1948 was a great year for Film Noir. I was one year old and my Noir life hadn't really begun. My dark noir family life, the fights, the slug fests between parents, the fires they started the cars they crashed, the gambling, the speed and pills, my beautiful mother in her high heel shoes and black dyed hair. I thought my mom was Jane Russell or Ruth Roman. But I digress. Meanwhile Hollywood was slugging out these dark movies and in 1948 alone they threw at movie audiences Berlin Express, The Big Clock, Cry of The City, Force of Evil, Key Largo, The Naked City, He Walked By Night, Road House and many others. One of my favorite little B Noirs of that great Noir year was a real rhinestone “I Wouldn't Be In Your Shoes” and if you can find it fucking see it. The title alone deserves stardom, and can serve as a by line, a slogan, a pitch for all the above films, I mean for Christs sake I wouldn't want to be in any of these anti heroes shoes.
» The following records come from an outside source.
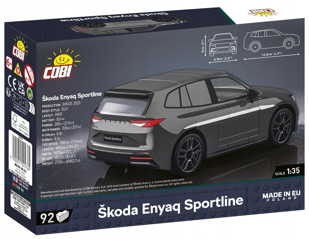 ➡️Model w skali 1:35 złożony w 100% z klocków COBI bardzo wiernie oddaje charakterystyczne kształty oryginalnego samochodu Skoda Enyaq Sportline.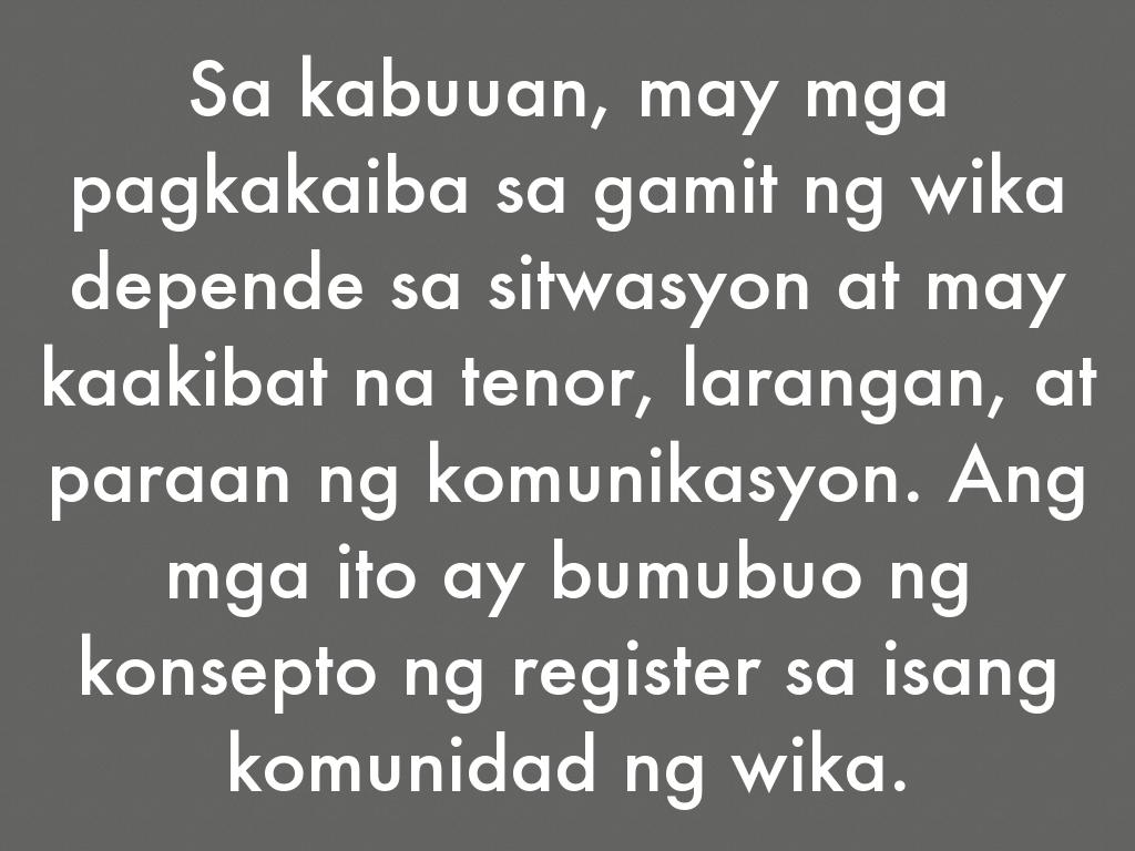 Sa kabuuan, may mga pagkakaiba sa gamit ng wika depende sa sitwasyon at may kaakibat na tenor, larangan, at paraan ng komunikasyon. Ang mga ito ay bumubuo ng konsepto ng register sa isang komunidad ng wika.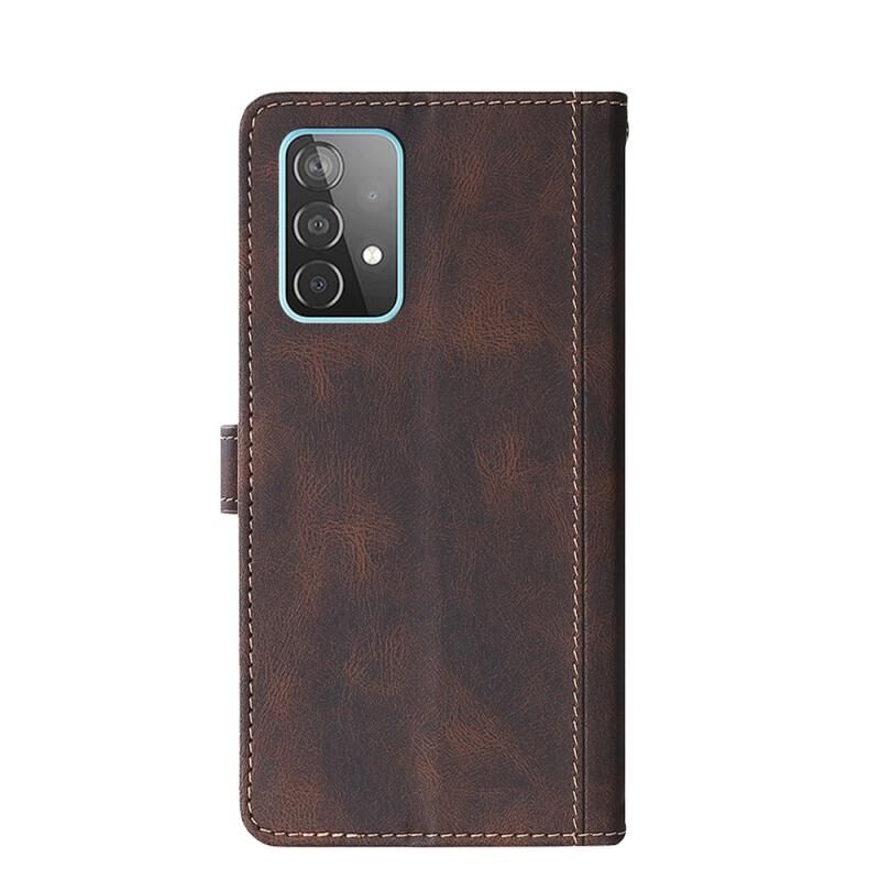 Για Samsung Galaxy A52 5G / 4G Stitching δέρμα αίσθηση μαγνητική πόρπη οριζόντια Flip PU δέρμα υπόθεση με κάτοχο & υποδοχές για κάρτες & πορτοφόλι (καφέ)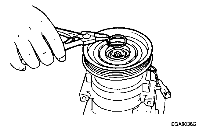 3. Remove the pulley retaining snap ring and then pull the pulley and bearing assembly from the compressor.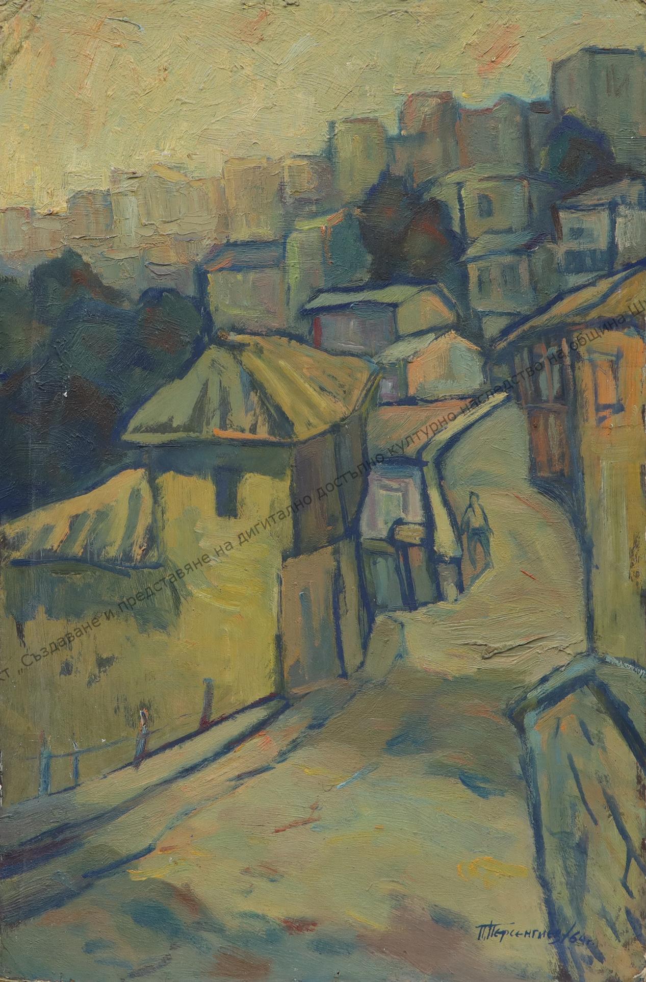 PERSENGIEV, Petar Stefanov Persengiev (PERSO) – (25.05.1933-26.12.1999). Born in Novi Pazar, Shumensko. Graduated from VTU “St. Cyril and Methodius” under Prof. V. Stoilov. Teacher at TFKS “Asen Zlatarov”. Founder of the art gallery in Novi Pazar. Member of the DSHH. Since 1960, he has participated in art exhibitions – national of the teacher-artists, district. He held 3 solo exhibitions at the “El. Karamihailova” gallery. He works in painting and graphics.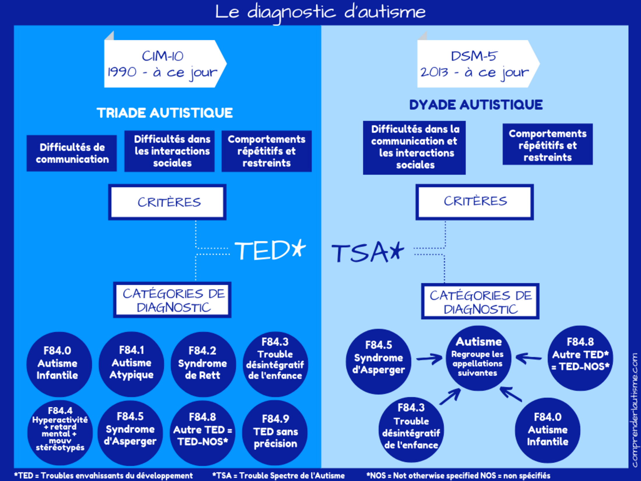 Dans le DSM-V, l’autisme disparaît derrière les « troubles du spectre autistique ». Les trois critères principaux ont été réduits à deux, les troubles des interactions sociales et les troubles de la communication ayant fusionné. Par ailleurs, en ce qui concerne l’autisme, les classifications nosographiques sont purement cliniques et catégorielles, avec une définition statistique du trouble. C’est-à-dire qu’elles appréhendent assez mal les dynamiques dimensionnelles et différentielles, notamment en termes d’intensité des troubles. Dans les tests reconnus à l’échelle internationale (type ADOS), le diagnostic est ainsi défini par un effet seuil, qui ne rend pas compte du continuum entre la normalité et le « pathologique ». De plus, le caractère ponctuel, clos et déterministe de ces procédures diagnostiques se référant uniquement à une théorie neurodéveloppementale contraint à sacrifier les dimensions temporelles, contextuelles, relationnelles, sociales, inconscientes, etc.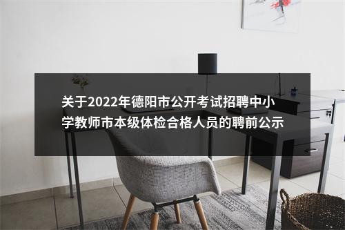 原标题:德阳市人力资源和社会保障局关于2022年德阳市公开考试招聘中小学教师市本级体检合格人员的聘前公示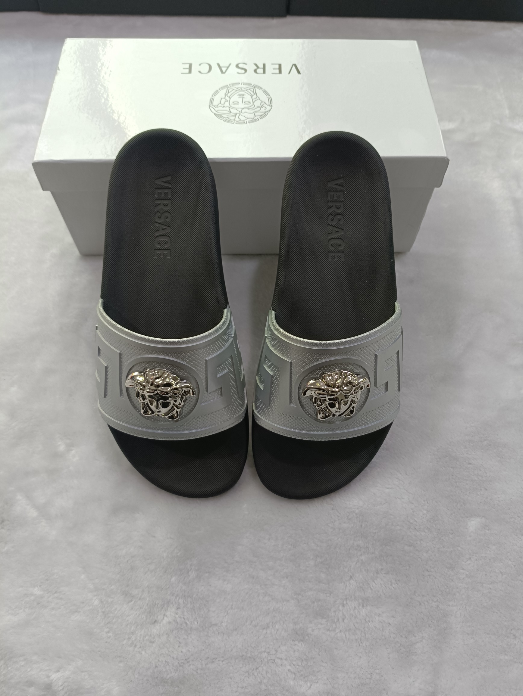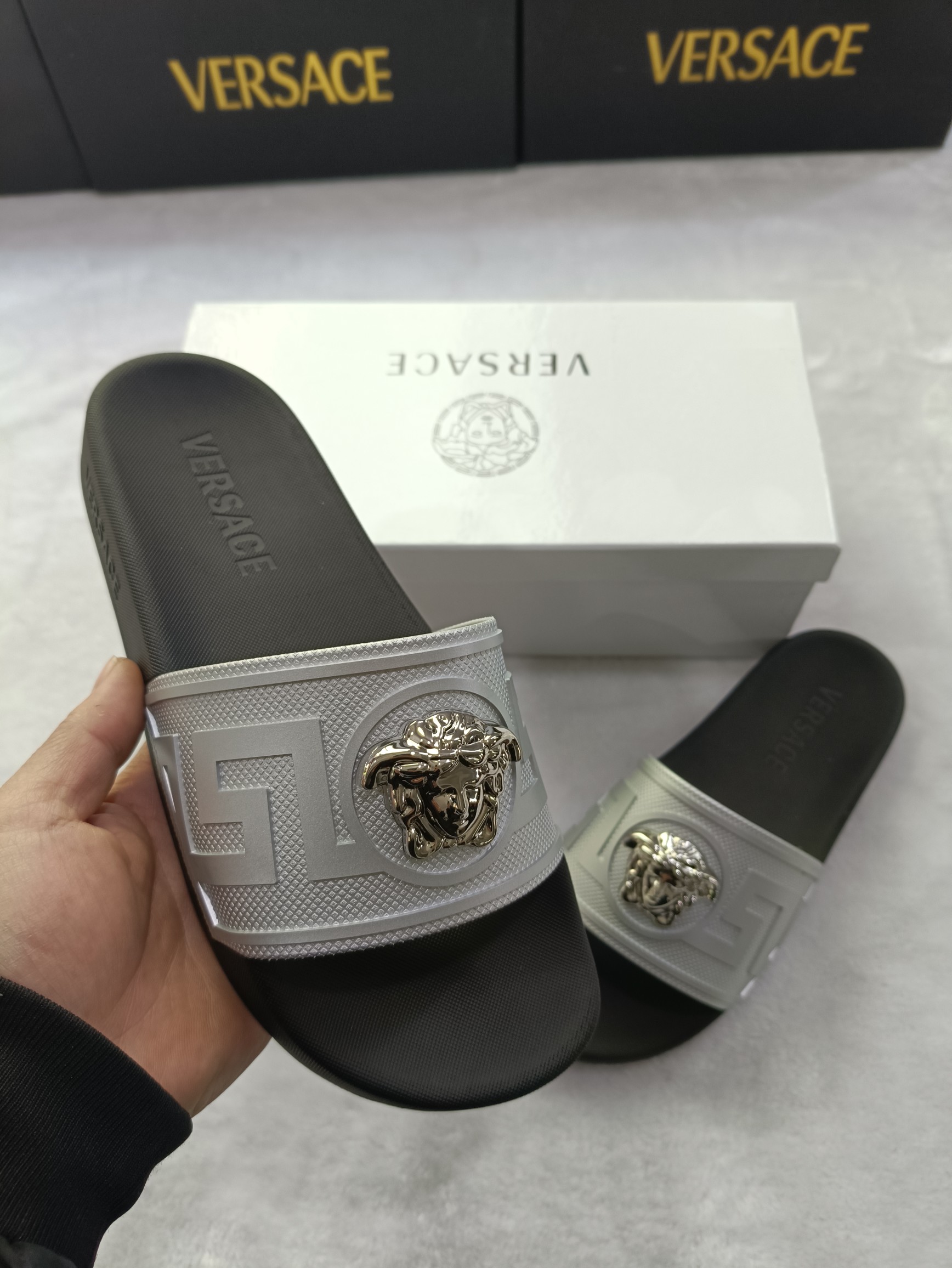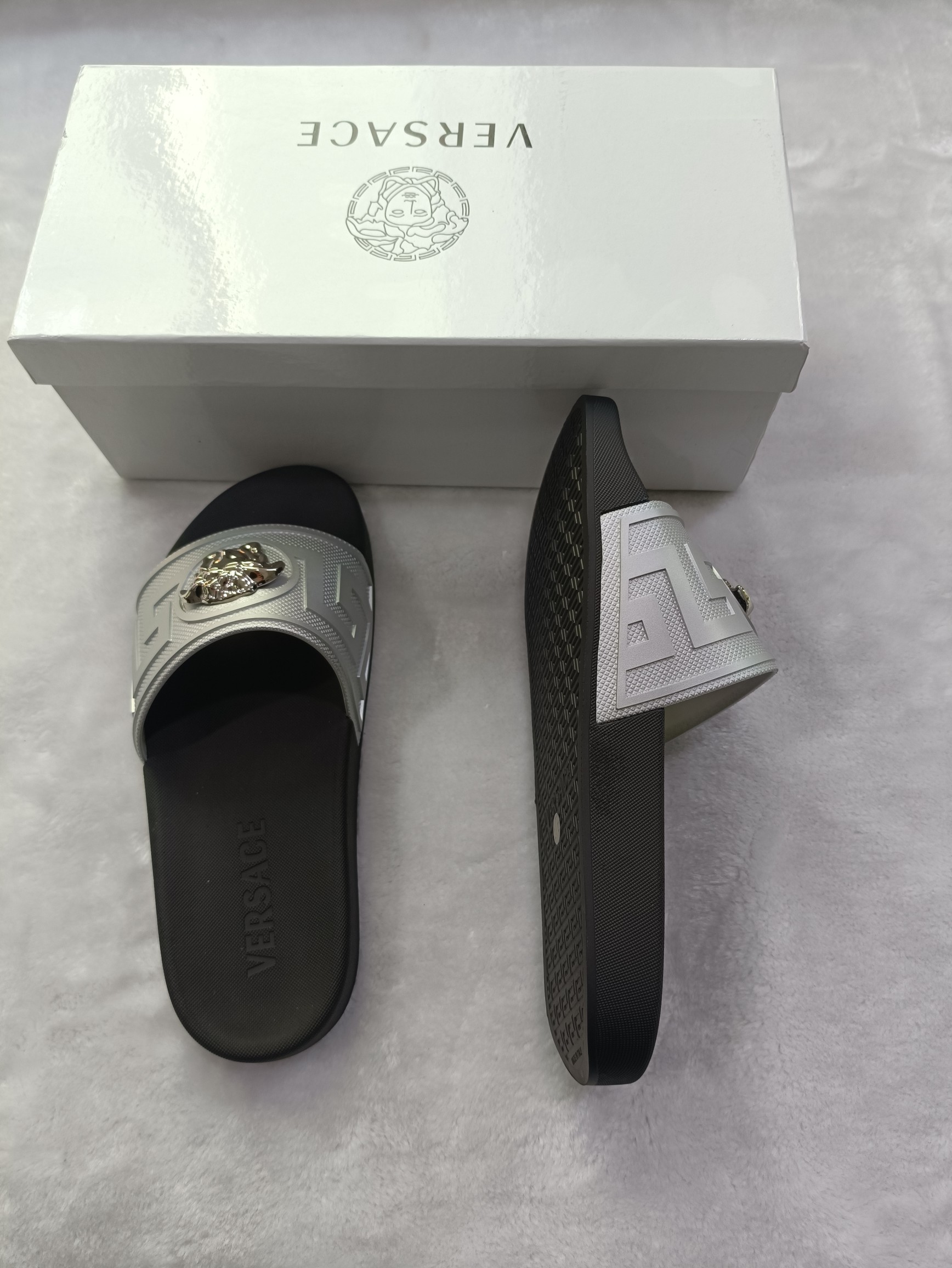 This shoes is AAAAA 1:1 quality (superb). Materials used are identical to the original ones. Versace trademark marks are indistinguishable to the authentic. Photos take by actual shoes, what you receive will be 100% same with our photos.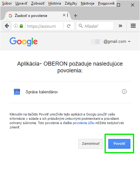- Zobrazí sa formulár (Obrázok č. 2), stlačte tlačidlo Povoliť.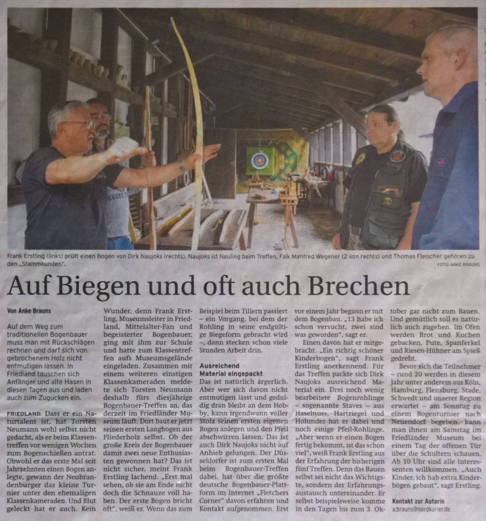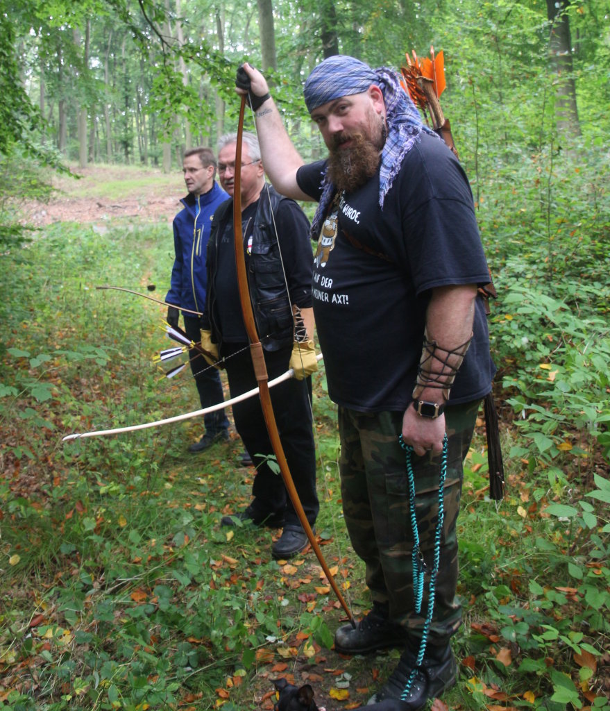 Nicht mein prägenster Eindruck aus dem diesjährigen Friedlandtreffen, aber einer, den ich nie vergessen werde, ist Norman, der zwei Stunden nach geplantem Abfahrtszeitpunkt unter Zwirns und meinem hektischen zum-Auto-Gewinke nuuur noch eben paar Pfeile über den Chroni schicken mußte (seiner frisch gezwirbelten Fastflight am neuen Spielzeug wegen - ok, 6fps Zuwachs, nich übel).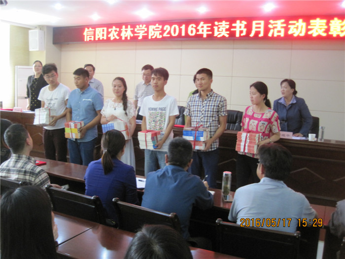 会上,校工会副主席宋建军首先宣读了“关于表彰2016年读书征文活动获奖文章的决定”。接着,学校领导及工会、图书馆、团委负责同志向获得教工团体组织奖的工商管理学院分会、林学院分会、图书馆分会、党群分会和获得学生团体组织奖的茶学院团总支、牧医工程学院团总支授予荣誉匾额,向本次获得征文一、二、三等奖的作者颁发了荣誉证书并进行读书经验交流,征文获奖者王海燕老师、徐玉梅老师、陈颖同学等获奖代表畅谈了读书感悟,师生分享了精彩的阅读心得。表彰会上,图书馆向团委学生捐赠图书100册。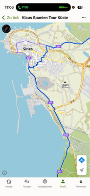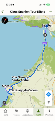marcel war auf bitten so freundlich und hat mir auf komoot ein „schnelle „ route nach huelva zusammengestellt, die ca. 100 km lang sein wird.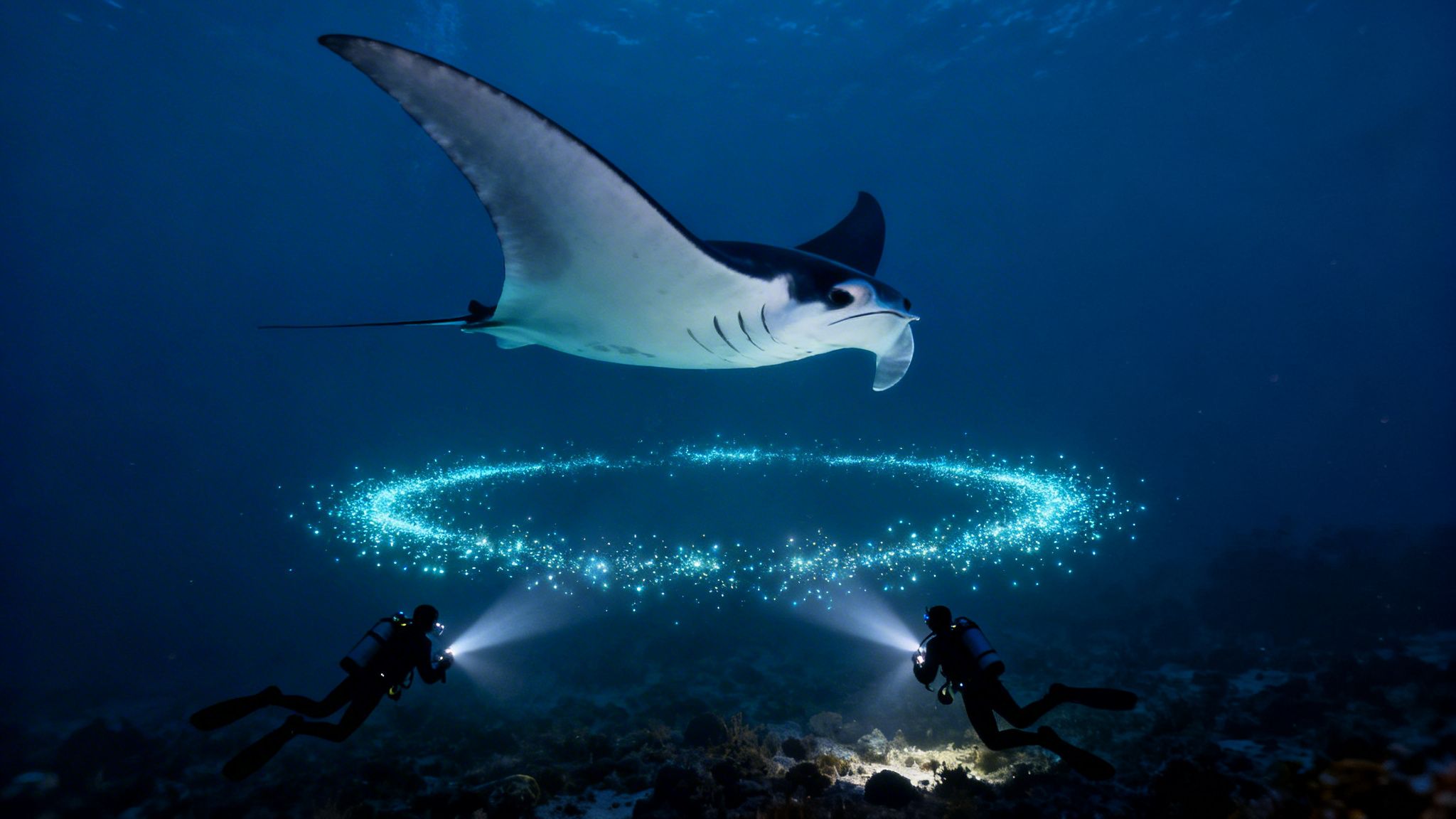 At first, there's just a quiet hum of anticipation. Then, a shadow emerges from the darkness. A massive, graceful shape glides into the light—a giant manta ray. Before you know it, another follows, and then another. They perform this incredible aquatic ballet, somersaulting effortlessly through the light beams as they feast on the clouds of plankton. Watching their immense wingspans, sometimes stretching up to 18 feet, pass silently overhead is absolutely mesmerizing.

And then there was Orson. Who could even fit into his shoes let alone wear them, and I don't think he even wanted to be in his own shoes. So here he is in 1946 or around there trying to get more moola for his failing big musical Broadway extravenganza “Around The World In 80 Days” that he was doing with that other huckster Michael Todd. It had music by Cole Porter. So according to stories he's in a phone booth in some Whelans in Times Sq. giving a yell out to his beautiful wife's boss Mr. Fuck face Harry Cohn. Begging Harry for 50,000 bucks so he could pay for his costumes for that trip around the world and he temps the cruel crud with the tempting temptation of making a movie for him that he would also write and star in along with his gorgeous wife and Harry's big time contract movie star. Now I'm talking big. I'm talking Rita Hayworth still in her prime, still a great big beauty with her lush red hair and oh how Rita moved. No one moved like Rita, and no one still moves like her. Harry listens. He sees flashing before his beady blood shot eyes another “Gilda” another Put The Blame on Mame” another big blockbuster Radio City Music Hall movie. Oh says Harry so what is this picture about? Orson freezes up for a minute but his eye falls on the rack of cheap paperbacks, those rough detective yarns with all those babes in arms, those lurid lurids that my mom loved so much and would leave around our apartment that was a feast for my eyes and sexual imagination when as a pre teen as I would skim the browning pages for the “good parts.”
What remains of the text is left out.